Your advice was that YOU would hold the property in his shoes (and that's perfectly fine advice, many property investors are holding their properties or expanding their investments), my advice was simply that no matter what ANYBODY may suggest to him, he must consider his personal circumstances before making a call either way.
 
Hi I am in a similar situation to the guy who posted this thread. I was thinking of doing the following in order to pay off my mortgage on my primary residence and make the most of the interest relief on rented properties:

Step 1:
Use the equity in the rented property to buy another rented property that has a similar value to the currently rented one .
Step 2:
Get interest only mortgages split evenly between the two investment properties
Step 3:
After 1 or 2 yrs renting both properties, sell one of the properties . Sell the one that requires more maintenance or the one with less potential as regards renting ,capital appreciation etc.
Step 4.
After paying capital gains etc you use the proceeds to pay all or most of your primary residence mortgage off.

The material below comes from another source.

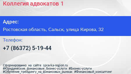 Коллегия адвокатов №1 по адресу Ростовская область, Сальск, улица Кирова, 32 в дальнейшем Организация, размещена в следующих категориях:

So you end up where you started except all or most of your mortgages are on your investment property and little or none on your primary residence.
Obviously you'd have to work out transacational/tax costs and weigh this up against what you'd gain by shifting the mortgage over to the rented property and see whether it was worth all the effort.
I'm not sure what revenue would think of this. Anyone any ideas??
 
As long as you pay your taxes I don't think Revenue would have any thoughts on it. Good idea if it goes according to plan. You are only allowed to claim relief against monies borrowed to buy/repair investment properties.